Tuesday, May 15, 2012

A "Wale" of a story in the making


Tuesday, May 15, 2012

I was born with a great imagination, and as I was flying over the North Atlantic Ocean one week ago on my way to Britain I thought my mind’s eye had a pretty good idea what this trip would be like.

Suffice to say I had no clue. This experience has been more than anything I could have possibly dreamed for myself.

I don’t even know where to begin. My editor would say to start with the most important thing and even that advice is difficult just now because there are so many stories trying to jump through my fingertips to the keyboard.

The eight-hour flight to Europe was long and I didn’t sleep a wink. How could I? I was alight with anticipation not to mention that I could not take my eyes off the near full moon that shone in the night sky and through my airplane window for the entire journey. 

We reached the north coast of Ireland and England just before dawn and at 39,000 ft and clear skies it was a sight to behold as the cities below were lit up in the colour of gold.

When I landed in Amsterdam for a 10-hour layover I felt like I could do anything. The world was my oyster.
But even oysters wind up in nets.

The time and space continuum froze for me when six Dutch security guards gathered to ponder an anomaly in my carry-on luggage as it passed through the x-ray machine at the boarding gate for the flight to Wales.

I felt like a foreigner in a foreign country. Wait a minute—I was.

Another guard appeared and took my passport from my trembling fingers and pulled out his mobile phone. All I heard was my birth name and “Cardiff, Wales” tossed about in another language.

I was convinced I was a goner. My identity would be red-flagged at every airport on every continent. They made movies called “Missing” and “Vanished” about these kinds of things.

 I looked up and there were the wide-eyed faces of all my co-passengers who were sitting pretty and in the clear and staring at my folly.

Security was backed up for 15 minutes as I waited for “special ops” to arrive. I was sweating like Arnold Schwarzenegger when his wife found out about the housekeeper, but I also was as clueless as Alicia Silverstone about what could possibly be in my possession to cause such an international incident.

Eventually a guy who looked like Alan Rickman (the actor who played the bad guy in “Die Hard”) arrived wearing a flack jacket and walked over to me after looking at the x-ray image and promptly said “tell me everything that is in your bag—exactly.”
My mind went blank and all that spilled out of my mouth was “Well, I ate all the chocolate.”

It was hopeless. My nerves shot, I couldn’t remember but four of the some 25 things I had packed in that bag.

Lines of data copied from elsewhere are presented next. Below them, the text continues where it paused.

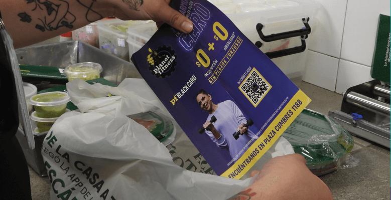 Colocación masiva de flyers con tu publicidad, dentro de los pedidos de pick up y delivery.
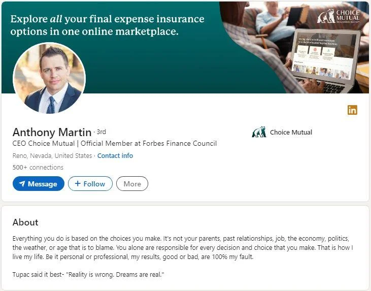 You might have heard of how pictures launch a thousand words. When starting an ecommerce business and setting up your LinkedIn profile, optimize your profile and background images as well. Look at this perfect example:
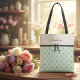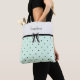 Make a statement with a tote that radiates boutique charm and personalized elegance. This custom tote bag features a sophisticated two-tone design, pairing a crisp, cool-toned porcelain top with a refreshing mint green polka dot base. The centerpiece is a delicate, sheer black bow anchored by a classic ribbon that separates the color-blocked sections. Personalized with the name "Seraphina" in the timeless script, this bag strikes the perfect balance between vintage flair and modern chic. Whether you’re heading to a bridal brunch, a weekend market, or looking for the perfect personalized gift for a style-conscious friend, this tote offers a premium look that stands out. The high-contrast black accents against the pastel palette ensure the design remains sharp and fashionable for any season. Part of the Resort-Ready 2026 Collection—pair with matching accessories for a complete look.
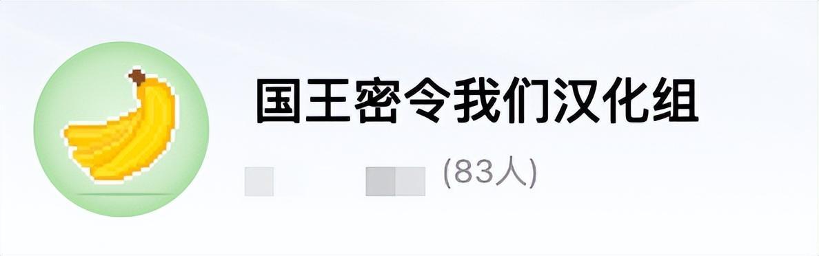 後來做《國王密令》漢化的時候,“香蕉王子漢化組”這個組名難免顯得有些出戏,在某個秋冬午後,一個奇妙的念頭在衆人腦海中一閃而過,組名也就索性改造成了如今的模樣,只剩羣頭像裏的香蕉還在回味FC時代由像素構成的童年。
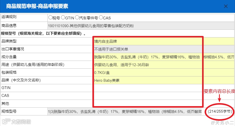 19011010项下商品“用途”要素一定要申报婴幼儿配方奶粉适用的年龄段,“品牌”要素同时申报中文及外文名称。
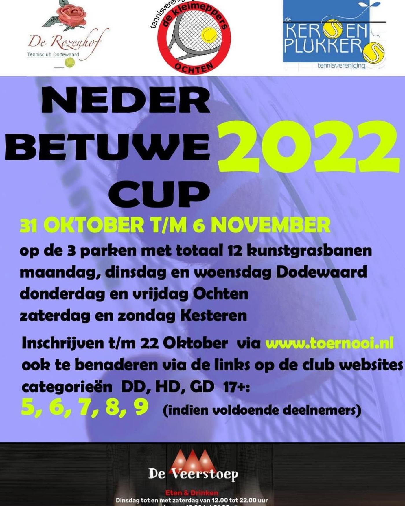 Maandag 31 oktober a.s. start weer ons super sportieve en gezellige dorpen Neder- Betuwe Cup toernooi. Tot en met zondag 6 november wordt er op de tennisbanen van Ochten, Dodewaard en Kesteren gespeeld in de heren, dames en gemengd dubbel in de speelsterktes 5 t/m 9. Dus voor iedere categorie wat wils. De uitslagen tellen niet mee voor je ranking. De slotdag wordt dit jaar in Kesteren gehouden.
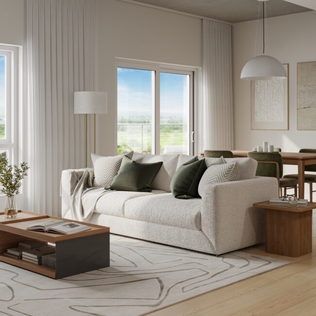 We viewed Le Milebrook as a sustainable urban village walkable, community-driven, and built with architectural coherence. Despite the scale of the site, the buildings are broken into repetitive volumes with modulated façades, giving them an approachable, almost residential grain. Key to the architectural language is the use of horizontal breaks and stepped massing, while emphasizing the relationship between the buildings and their landscaped surroundings.
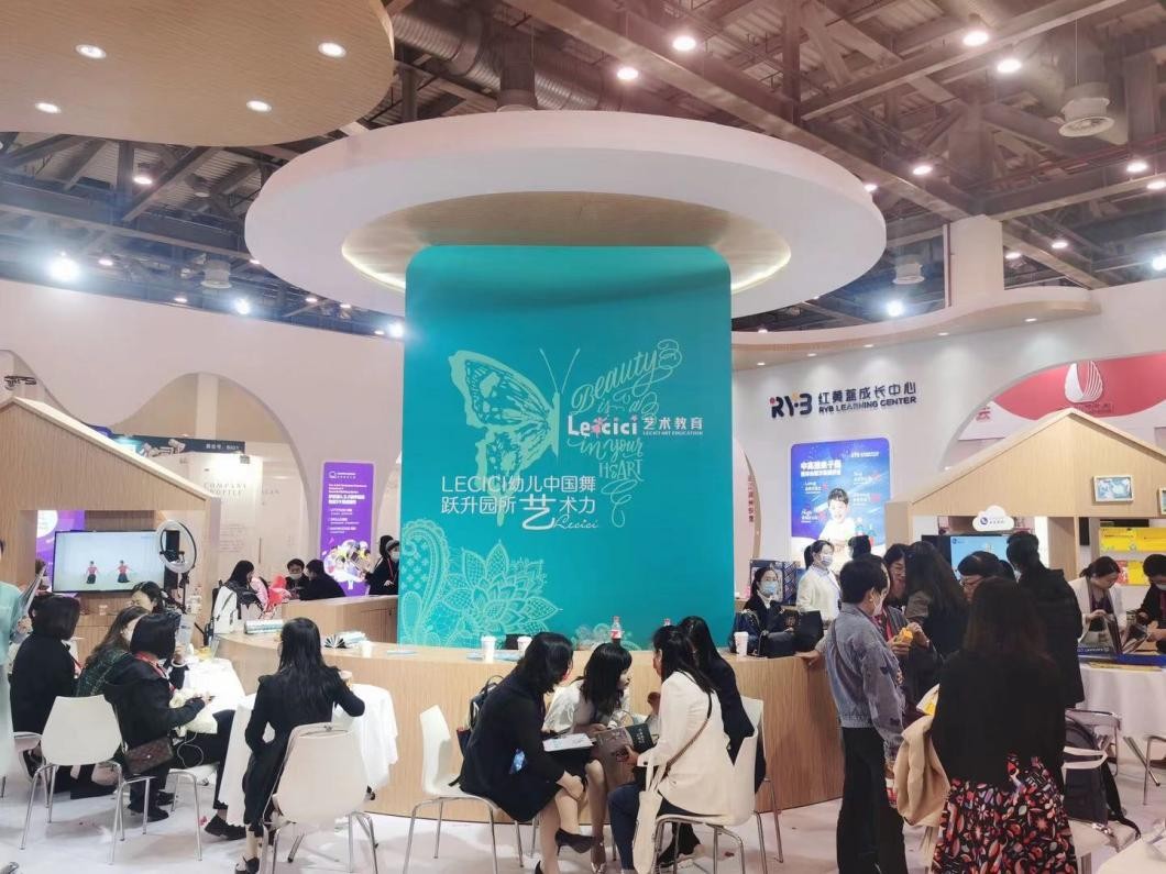 LECICI艺术教育的展台高端大气,陈设整洁美观,分区动静结合;各类标准化手册、课程视频资料、舞蹈配套服装用具……一应俱全;专业舞蹈老师现场示范课程,配合督导老师深入浅出的讲解,将LECICI艺术教育此次重磅推出的“LECICI幼儿中国舞” 课程优势展现的淋漓尽致。现场滚动播放的优异教学成果和丰富高端的演出实践活动,更是LECICI艺术教育不同于其他艺术类项目的亮点,吸引了大量参会的投资人、园长现场咨询、洽谈签单,展台人头攒动,气氛热烈。
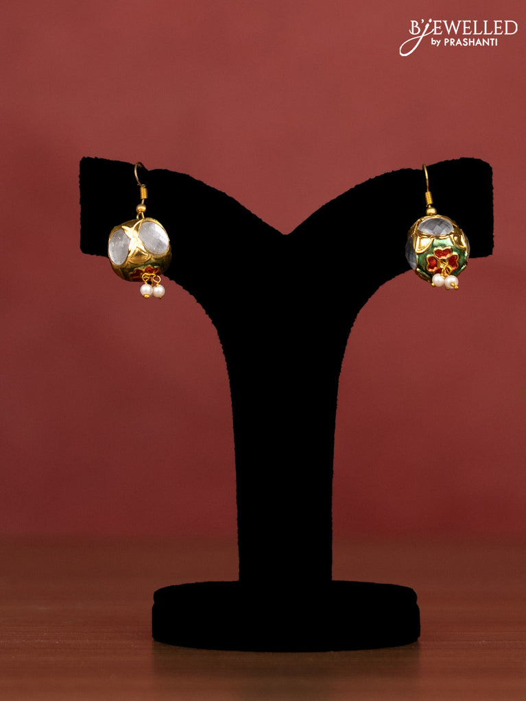 Jaipur crystal dark green and meenakari beads necklace with earrings
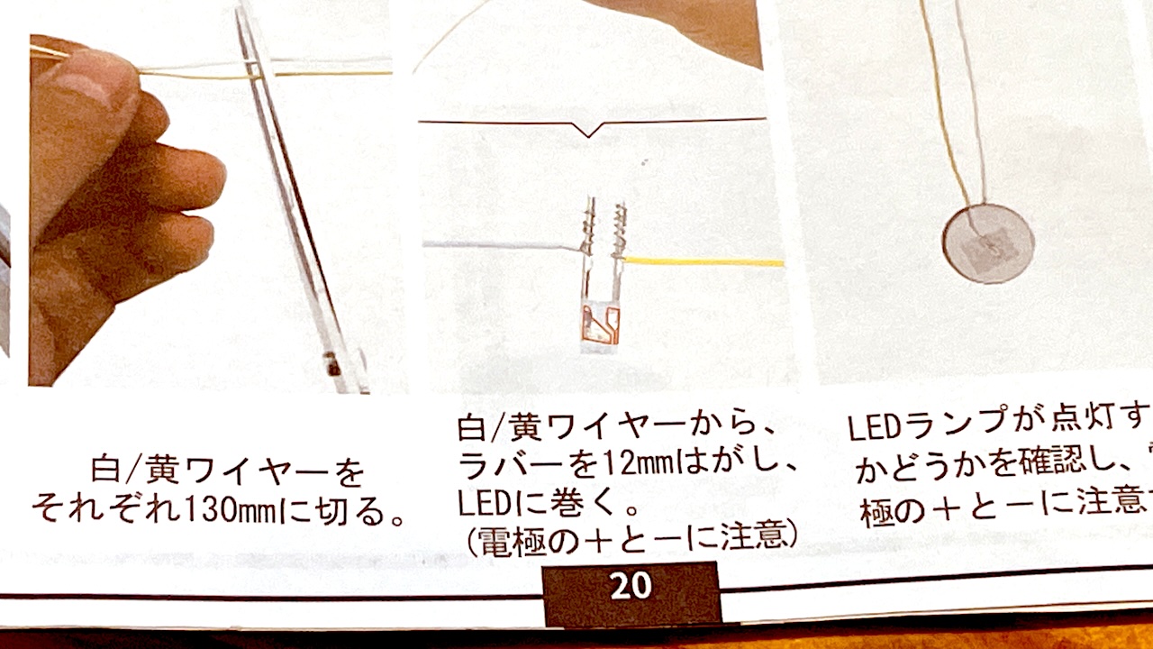 次にLEDの配線ですが「ワイヤーからラバーをはがし、LEDに巻く」と書いてあります。
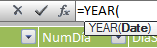 El siguiente comando nos permite activar la ventana para Insertar funciones, cuya utilidad vimos antes. Como se trata de definir el Año vamos a aprovechar el conocimiento de Excel y buscar YEAR dentro de las funciones de Fecha y Hora a ver si está
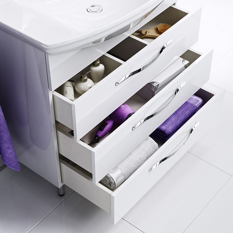 Тумба напольная Aqwella Аллегро 75 см с раковиной Стиль 75, 3 ящика, цвет белый.
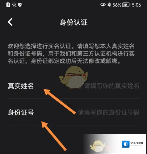4、然后输入姓名和身份证号码即可进行身份认证。
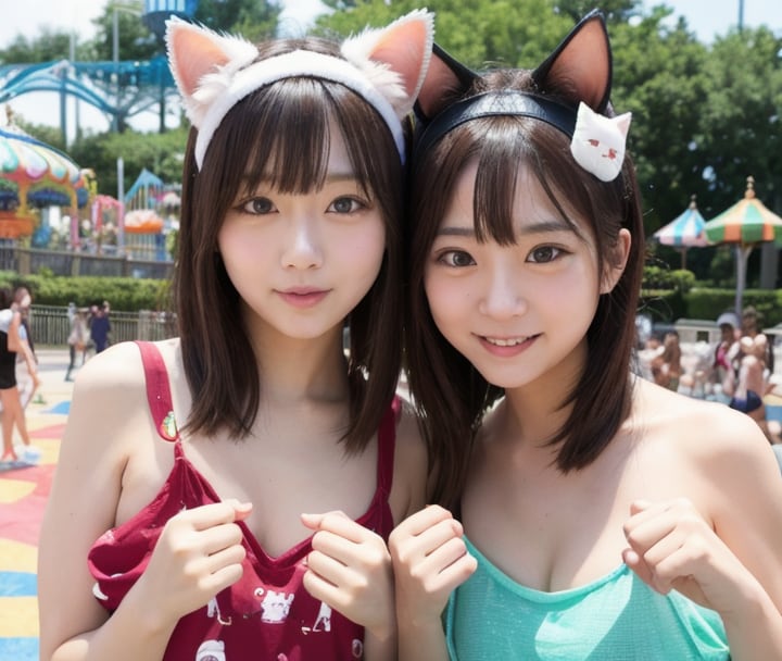 ネコミミランド来たよ❤️ここは女の子はネコミミ付けて薄着になればなるほど割引されるんだって!🐈
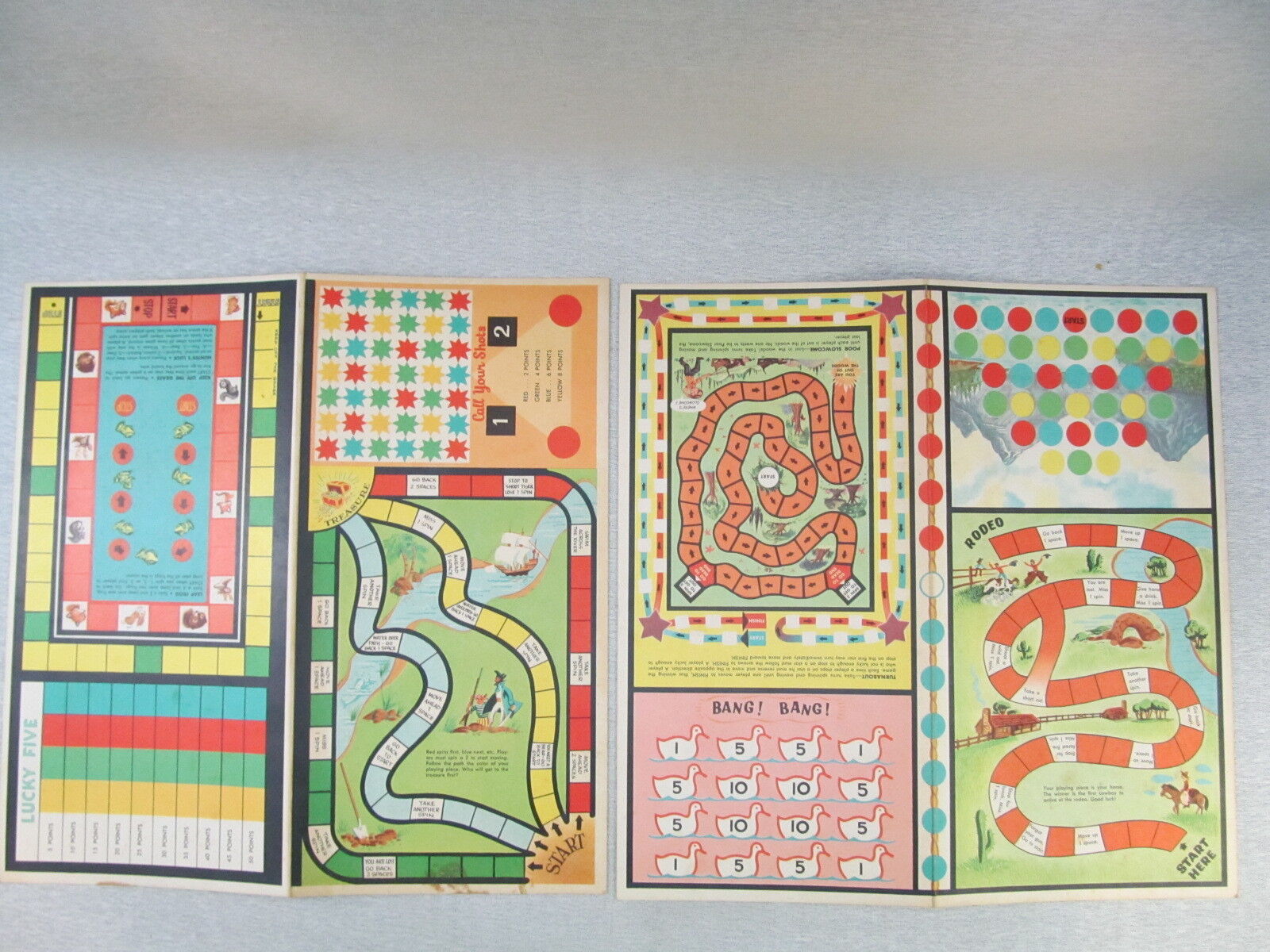 "54 Games" Vintage 1960 Whitman Publishing - Bingo - Sleeping Beauty Game - Pachisi - Pin the Tail on the Donkey - Post Cereal box back "Trapped" - and a few more
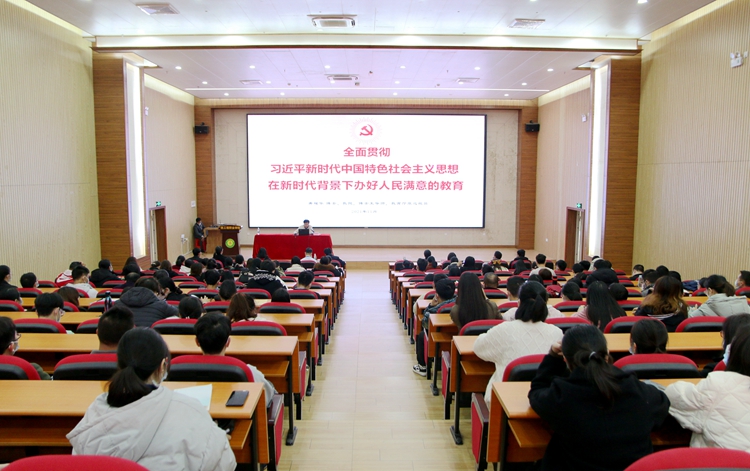 吕伟斌书记作总结发言,指出唐教授的报告内容丰富、理论深邃、观点鲜明、讲述深刻、过程生动、启发性强,给全校教职工带来了一场非常生动精彩的报告。吕书记要求全校教职工、党员干部要以此次报告会为契机,以习近平新时代中国特色社会主义思想为指导,深入学习贯彻习近平总书记关于教育的重要论述,不断增强“四个意识”,坚定“四个自信”,做到“两个维护”。全面落实党的教育方针,坚持社会主义办学方向,以立德树人为根本,不忘初心、牢记使命,担当实干,勇毅前行,切实推动太阳集团8722com教育事业高质量发展,办好人民满意的教育。

“Mr. Flack Jacket,” with a stern, heavy accent and with big blue vein throbbing in his forehead, held up his hand and said, “I will get your bag and we will open it together.”

I had nearly everything pulled out of the bag onto the table, naming off each item as I went as eight security guards stood around the contents. Suddenly one of them pointed to the earplugs for my iPhone and a metal belt clip on the “travel approved” silk zip bag that had contained my passport.

Mr. Flack Jacket nodded and left and I was free to go.

If it weren’t for the streak of white hair that had suddenly appeared on my head, there’d have been no evidence of the incident—unless of course we counted the huddle of passengers who had all moved to the other side of the room when I stepped through security to sit down amongst my fellow flyers.

The rest of the trip was “crackin,” but that’s another story—or two.